Autor: Pedro Fagundes de Borba

Compadecida brasileira

27/12/2020 - Várzea Paulista - SP

      Ariano Suassuna foi, entre os vários grandes autores brasileiros, um dos que mais manifestou preocupação em encontrar o legitimamente brasileiro, em sua raiz mais pura. Tal raiz pura não significava necessariamente algo sem influências estrangeiras, fruto da colonização, mas que tivesse se incorporado ao ser brasileiro, ao menos o nordestino sertanejo, de tal maneira que se tornasse algo particularmente nosso, superando nossa admiração embasbacada por tudo que nos vem de fora. Que refletisse características nossas, não buscando se tornar uma identidade estrangeira, mas características semelhantes para nos identificarmos.

    Duas de suas grandes inspirações para tal foram o catolicismo e a literatura de cordel, esta forma de escrita popular da qual tirou material para suas obras eruditas, principalmente as de Leandro Gomes de Barros. A mais conhecida e querida pelo público entre suas obras é a peça “O auto da Compadecida”, lançada em 1955 e até hoje uma das melhores peças do teatro brasileiro.

     Nela acompanhamos João Grilo e Chicó, sertanejos pobres que sobrevivem da maneira que podem no momento. João Grilo é astuto, bom de fala e persuasão, mas também teme a Deus e busca o bom, enquanto Chicó é mais imaginativo, quase ingênuo, sempre acreditando no que vê, não sabendo, somente que foi daquele jeito.

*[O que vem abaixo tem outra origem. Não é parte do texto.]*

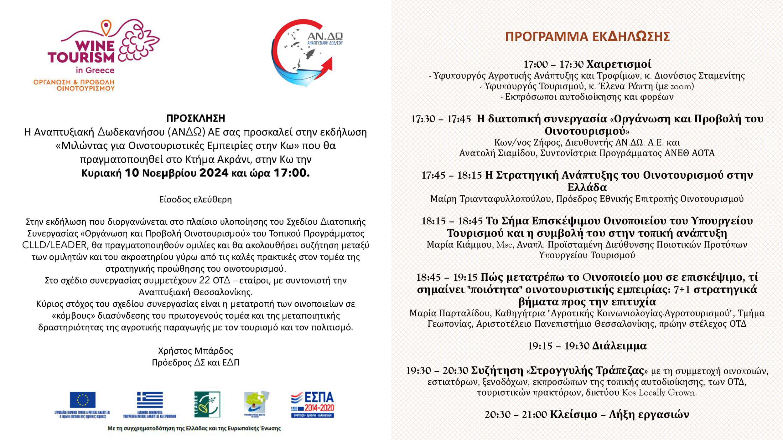 Συνεργασίας «Οργάνωση και Προβολή Οινοτουρισμού» του Τοπικού Προγράμματος CLLD/LEADER, θα πραγματοποιηθούν ομιλίες και θα ακολουθήσει συζήτηση μεταξύ των ομιλητών και του ακροατηρίου γύρω από τις καλές πρακτικές στον τομέα της στρατηγικής προώθησης του οινοτουρισμού.

       Na história, começamos pouco após João Grilo parar de trabalhar na padaria do padeiro e sua mulher, tão egoístas que, para o cachorro, único ser por quem a mulher manifestava legítimo amor e consideração, davam até carne passada na manteiga, mas nada para João Grilo. Por sua astúcia, havia tentado convencer anteriormente a batizarem o cachorro, que não aconteceu. Ela é adúltera e ele corno apaixonado, o que marca vários momentos em que aparecem.

   Agora que morreu, a mulher quer um enterro cristão ao cachorro na igreja, vão convencendo Padre João e o bispo entre ameaças, pelas relações que a padaria tem, e oferecimento de dinheiro. No fim, se enterra. Grilo ainda tenta enganá-la com gato que descome dinheiro, não funciona.

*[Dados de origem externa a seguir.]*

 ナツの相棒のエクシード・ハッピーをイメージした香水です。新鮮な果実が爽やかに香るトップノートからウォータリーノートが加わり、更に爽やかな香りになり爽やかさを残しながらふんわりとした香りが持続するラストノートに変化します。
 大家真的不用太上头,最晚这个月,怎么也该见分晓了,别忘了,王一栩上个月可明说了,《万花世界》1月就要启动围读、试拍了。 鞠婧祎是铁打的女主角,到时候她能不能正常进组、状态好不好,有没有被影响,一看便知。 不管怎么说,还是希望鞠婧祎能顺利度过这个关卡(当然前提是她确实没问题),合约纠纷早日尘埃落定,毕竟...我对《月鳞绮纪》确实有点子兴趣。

        Pouco depois, como já esperavam, a cidade é cercada por Severino de Aracaju e seu parceiro Cabra, cangaceiros que atacam a igreja, matando todos, menos João Grilo e Chicó. João consegue fazer Cabra matar Severino ao convencer o segundo de que poderia reviver com toque de gaita, assim conheceria o padim padi Ciço e voltar. Acha que Cabra morreu também, mas este o mata, morrendo em seguida, Chicó ficando sozinho.

         Os mortos vão então para o julgamento divino, conhecendo o Diabo em sua forma conhecida, para descobrir que este era servo de Encourado, o verdadeiro Diabo. Vem Jesus depois, um negro retinto que causa espanto em Grilo, que é perdoado por Manuel, como também é conhecido, por não saber destas características.

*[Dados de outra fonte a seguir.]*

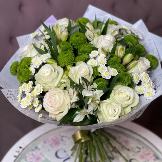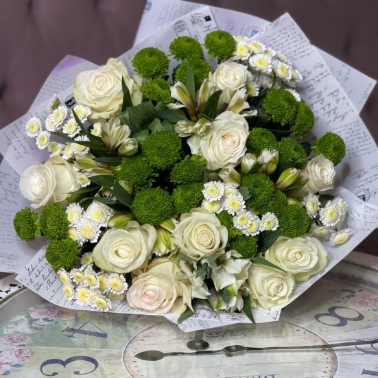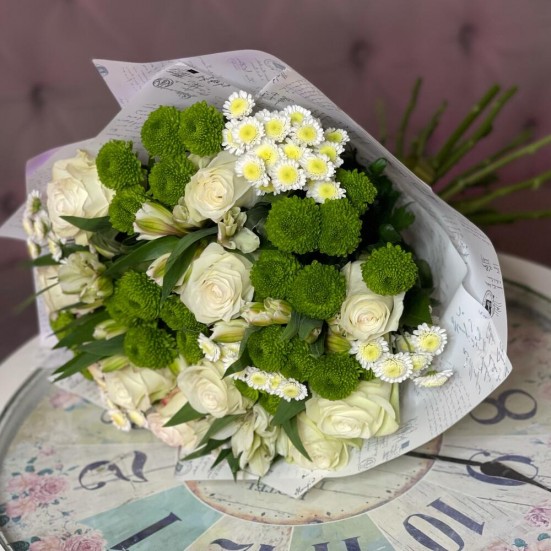 Букет «Розы и зеленые хризантемы» в Таганроге

         Vendo que o Encourado, que quer todos no inferno, é forte, Grilo convoca a Compadecida, o Diabo dizendo então que mulher em tudo se mete. Com sua força e sabedoria, ela consegue reverter, mandando Severino e Cabra ao Paraíso, pois eram pessoas boas que enlouqueceram após a família ser assassinada por policiais, faz com que João Grilo reviva por seu valor e manda os demais ao purgatório, por seus pecados e suas fraquezas. João Grilo e Chicó voltam então a vagar.

           Falando destes personagens nordestinos, percebidos pelos escritores populares, num país formado por uma cultura fortemente católica e Ibérica, Suassuna mostra muito forte o Brasil nordestino, Brasil Real, as características de sua região, as características mais profundas, essencialmente da região, também muito brasileiras e, em sentidos possíveis, do mundo contemporâneo, características compartilhadas por pessoas de vários lugares em nosso tempo.

            Fortemente católico, principalmente compadecido, Suassuna olha para seu povo com seu socialismo divino e de inspiração em Antônio Conselheiro. Com ele e seu compadecimento, identifica as características mais profundas e o contexto em que estão inseridas, no Brasil árido e seco do sertão nordestino suas pessoas, quais são os que ali vivem e como são. Com isto, os representa mostrando os aspectos da vida ali, uma forma humana brasileira. Invocando a Compadecida, impede o Diabo de infernizar a tudo, mostrando o que o compadecimento permite ver nas pessoas. E sendo assim, mostra o Brasil e seus caminhos.